*** Material for the task Section Begins ***

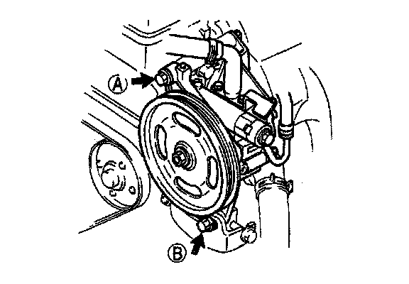 2. Install the P/S oil pump. Tightening torque: A: 44-60 N.m (4.4-6.2 kgf.m, 32-44 ft.lbs) B: 32-46 N.m (3.2-4.7 kgf.m, 24-33 ft.lbs)
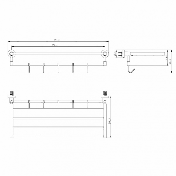 Полка для полотенец с крючками Melana AISI 304 сатин MLN-S2221 - Характеристики
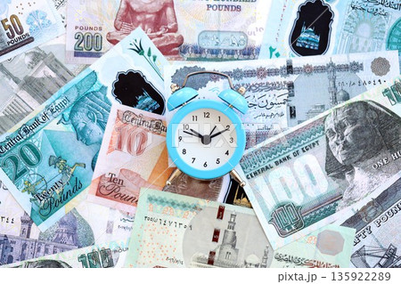 Egyptian pound currency money bills and alarm clock close up. The concept of time management and income
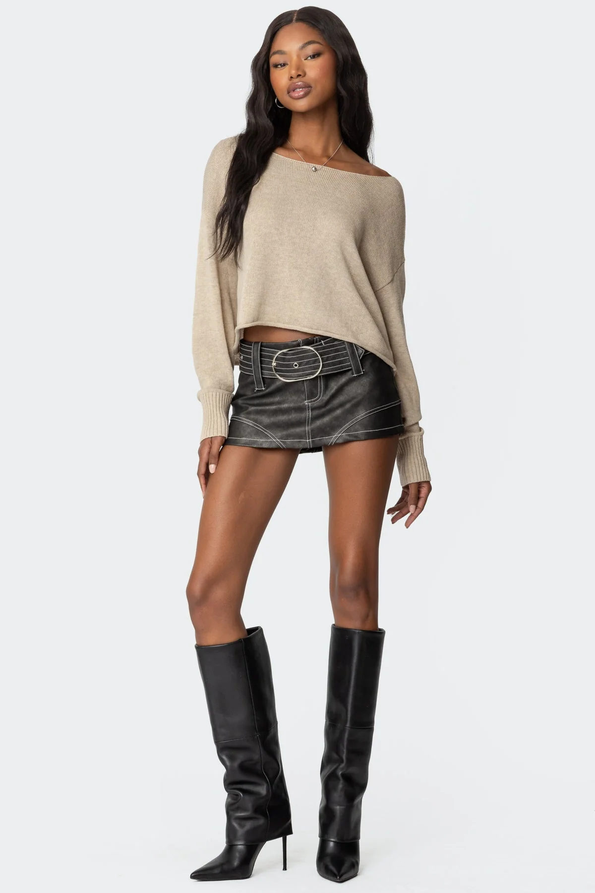 The Black Washed Faux Leather Mini Skort is a trendy must-have for women. Featuring a detachable belt design and contrast stitching, made from high-quality washed faux leather fabric (Polyurethane, Polyester blend). This stylish skort offers a chic twist to your outfit. Model wears size S. Model height is 59. Care instructions: Machine wash at maximum 30ºC, do not bleach, do not tumble dry, do not iron, do not dry clean.
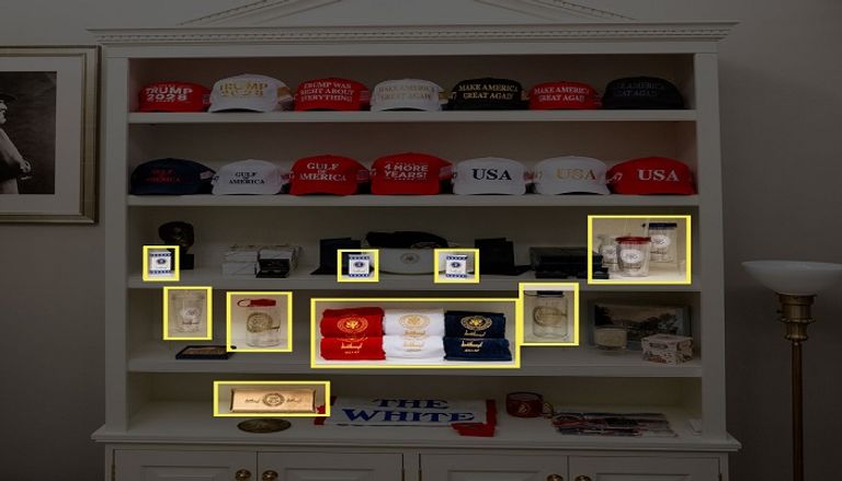 ويعرض ترامب أيضًا على الرفوف علب كبريت، دبابيس، وزجاجات مياه تحمل توقيعه أسفل الختم الرئاسي، ومنتجات عطور "Victory 45–47"، وكتبًا تناولت مسيرته السياسية، في خطوة تعكس رغبته في تحويل الغرفة إلى قاعة هدايا رمزية تتبدل محتوياتها وفقًا لرغباته وما يريد عرضه لضيوفه.

*** Material for the task Section Ends ***

▶ **Exercise aim**: Up to and including the line that contains "Egyptian pound currency", print the records above exactly from their first line, without any pictures.

▶ **Output below**:
 2. Install the P/S oil pump. Tightening torque: A: 44-60 N.m (4.4-6.2 kgf.m, 32-44 ft.lbs) B: 32-46 N.m (3.2-4.7 kgf.m, 24-33 ft.lbs)
 Полка для полотенец с крючками Melana AISI 304 сатин MLN-S2221 - Характеристики
 Egyptian pound currency money bills and alarm clock close up. The concept of time management and income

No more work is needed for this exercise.